*** Opening Data for analysis ***

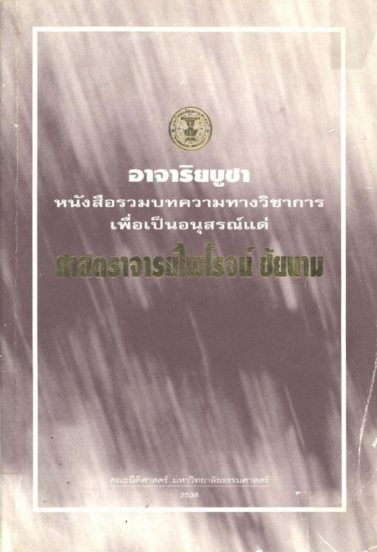 อาจาริยบูชา หนังสือรวมบทความทางวิชาการเพื่อเป็นอนุสรณ์แด่ศาสตราจารย์ไพโรจน์ ชัยนาม.
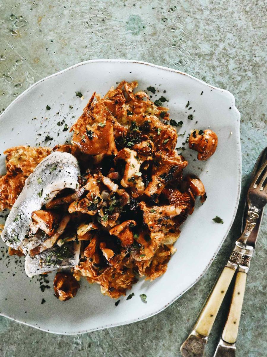 Dieses nordische, spannende Rezept präsentiert den Matjes auf leckeren Kartoffelpuffern aus frischer Ernte zusammen mit spätsommerlichen Pfifferlingen. Mal eine andere Kombination!
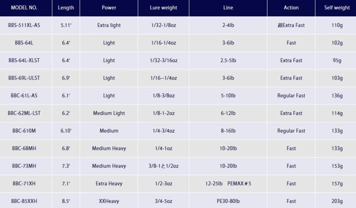 多様なタックルやフィールド、フィッシングスタイルに対応したラインナップは、プラッギング専用やジグ専用モデル、タフコンディションに特化したモデルなど、ただのマルチなバスロッドではなく1本1本全く異なる性質を持つ。
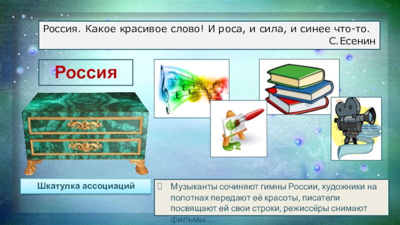 Музыканты сочиняют гимны России, художники на полотнах передают её красоты, писатели посвящают ей свои строки, режиссёры снимают фильмы…
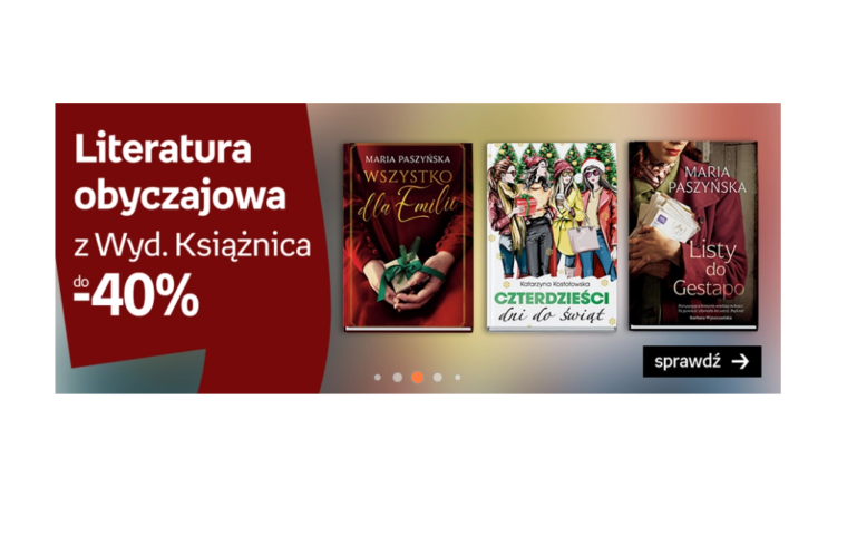Empik27/11/2022 Empik: rabaty do 40% na książki Wydawnictwa Książnica Na Empik.com obowiązują rabaty do 40% na książki Wydawnictwa Książnica. W promocji blisko 60 tytułów. *Rodzaj promocji: rabaty do 40%Czas trwania: do 29.11.2022 r. / do wyczerpania zapasów promocyjnychSkorzystaj z promocji
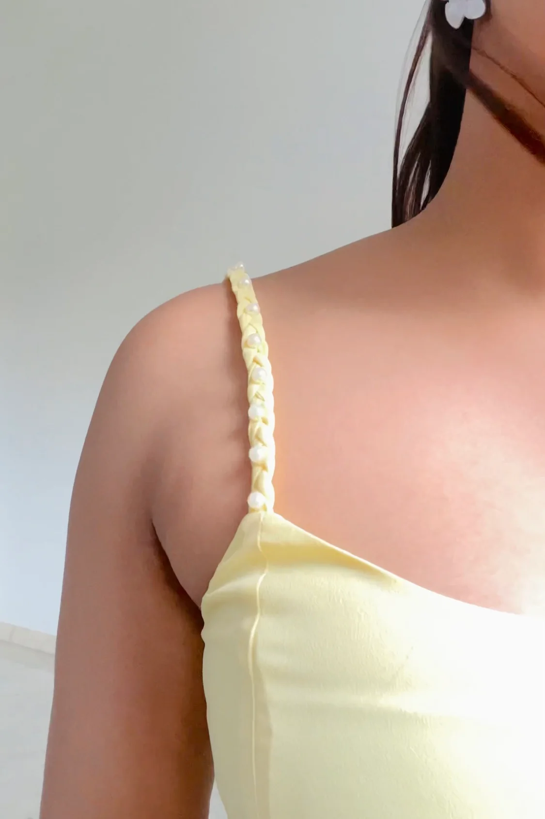 A graceful blend of elegance and comfort. Crafted in premium crepe with a hint of stretch, this dress beautifully drapes the body while giving you effortless movement. Designed with delicate spaghetti straps, a fitted bodice, and a flowy hem with ruffle detailing, it radiates soft femininity and playful charm. Available in two dreamy shades — Butter Yellow and Blush Pink — this dress is made for moments that deserve to be remembered.

*** Closing Data for analysis ***

§ **Requirement**
Though the entries above contain pictures, none should be copied; reproduce only the lines between the one holding "Dieses nordische, spannende" and the one holding "Empik27/11/2022 Empik: rabaty", inclusive, exactly as written.

§ **Output below**
 Dieses nordische, spannende Rezept präsentiert den Matjes auf leckeren Kartoffelpuffern aus frischer Ernte zusammen mit spätsommerlichen Pfifferlingen. Mal eine andere Kombination!
 多様なタックルやフィールド、フィッシングスタイルに対応したラインナップは、プラッギング専用やジグ専用モデル、タフコンディションに特化したモデルなど、ただのマルチなバスロッドではなく1本1本全く異なる性質を持つ。
 Музыканты сочиняют гимны России, художники на полотнах передают её красоты, писатели посвящают ей свои строки, режиссёры снимают фильмы…
Empik27/11/2022 Empik: rabaty do 40% na książki Wydawnictwa Książnica Na Empik.com obowiązują rabaty do 40% na książki Wydawnictwa Książnica. W promocji blisko 60 tytułów. *Rodzaj promocji: rabaty do 40%Czas trwania: do 29.11.2022 r. / do wyczerpania zapasów promocyjnychSkorzystaj z promocji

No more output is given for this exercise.